The ballot measure--the Colorado Electoral College Reform Initiative--would shift Colorado's electoral votes from a winner-takes-all system to one based on the popular vote (all states are winner-take-all, with the exception of Maine and Nebraska, where the winner of the popular vote automatically gets 2 electoral votes, with the rest determined by the popular vote within each congressional district). The initiative specifically asserts that it applies "retroactively" to the 2004 election. Opponents claim the initiative violates provisions in the state constitution that that prohibit retroactive legislation; its supporters claim to have found case law that supports some retroactive legislation.

HERE'S WHY the Colorado measure has national implications: had it been in effect four years ago, Al Gore would be president. And if it goes into effect beginning on November 2, it could decide this year's race as well. Because George W. Bush won 51 percent of the state's vote in 2000, he

earned all 8 of Colorado's electoral votes. But adjust that to reflect the state's popular vote and Bush would have received only 5 electoral votes, changing the national total from 271-266 in favor of Bush to 269-268 for Gore. (Let's assume, for argument's sake, that the one elector from Washington, D.C., who refused to vote for Gore would have come around, giving him the magical 270th vote).

It shouldn't come as a surprise, then, that the Colorado effort has Democratic fingerprints. The campaign's spokesman, Rick Ridder, also was campaign manager for Dean's presidential run. He calls the electoral reform "a multi-partisan effort," claiming that 20 percent of the campaign's signatures are from Republicans. And the Republicans' take? Ted Halaby, the GOP state chairman, says the initiative "just doesn't pass the smell test." Governor Bill Owens is less sanguine: "If that passes, Colorado will cease to be a factor in any presidential campaign in the future."

HOW DID COLORADO get in this bind? One explanation is that it's fertile ground for political mischief.
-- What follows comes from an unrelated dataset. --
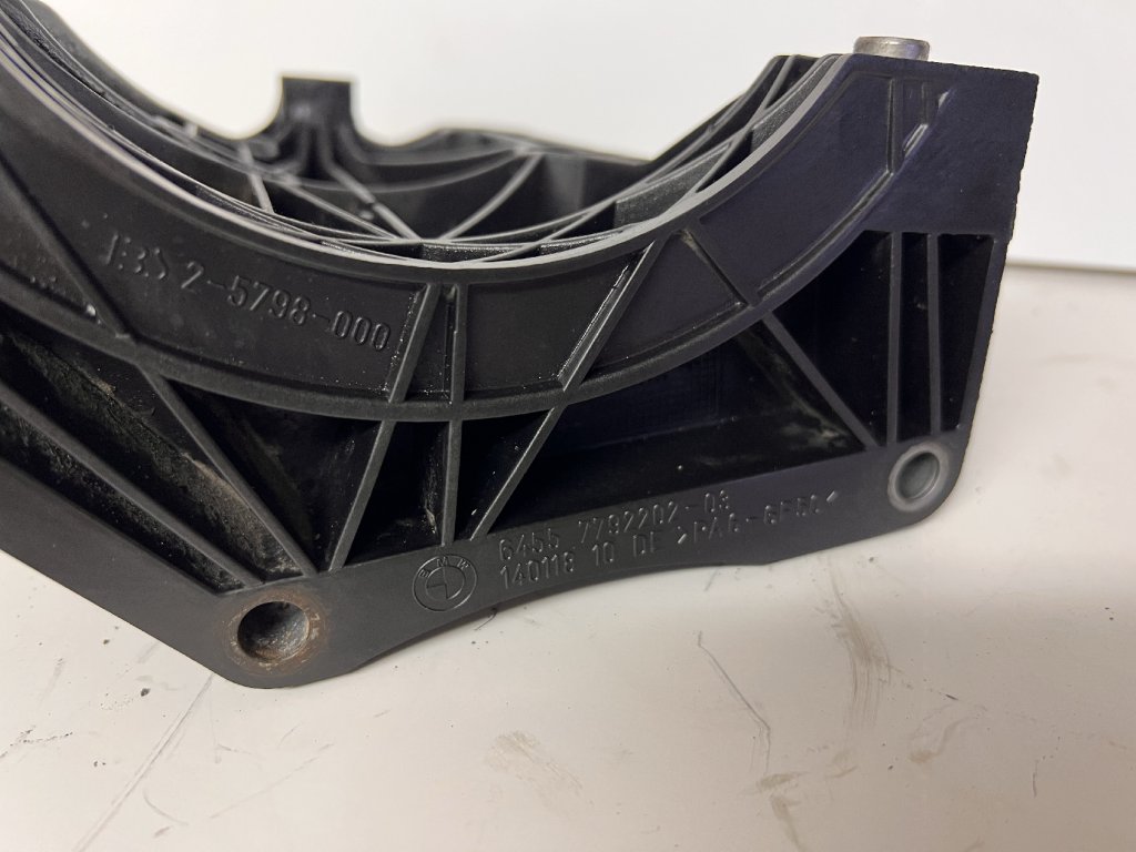 BMW 64557792202-03 je držák / konzola kompresoru klimatizace (A/C compressor mounting bracket), tedy úchyt, který schraňuje a drží kompresor klimatizačního systému v motorovém prostoru vozů BMW. Tento díl je pevnostní kovová nebo plastová konzole, která zajišťuje, aby kompresor klimatizace správně držel na svém místě a byl pevně uchycen vůči motoru nebo rámu vozu. Bez něj by mohl kompresor vibrovat nebo se posunout, což může vést k poškození klimatizačního systému.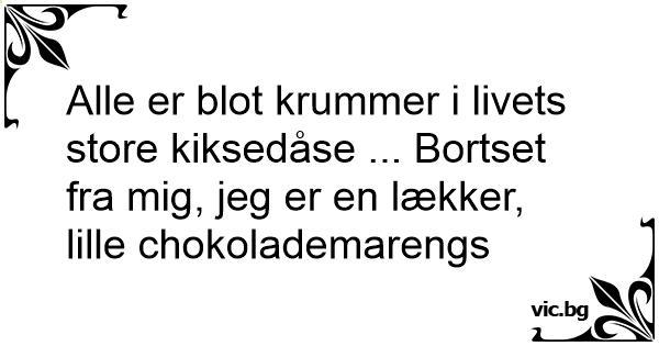 Alle er blot krummer i livets store kiksedåse ... Bortset fra mig, jeg er en lækker, lille chokolademarengs

With a history of citizen activism, Colorado is an easy state for launching and qualifying ballot initiatives (the 67,000-signature threshold in Colorado is about one-tenth the minimum in California). Also, the state's voter registration--36 percent Republican, 30 percent Democratic, 32 percent independent--makes "multi-partisan" an easy message to sell. Finally, there's a history of displeasure with the current system. Four years ago, a Democratic state senator, Ron Tupa, tried to talk the legislature into switching to the Maine-Nebraska model.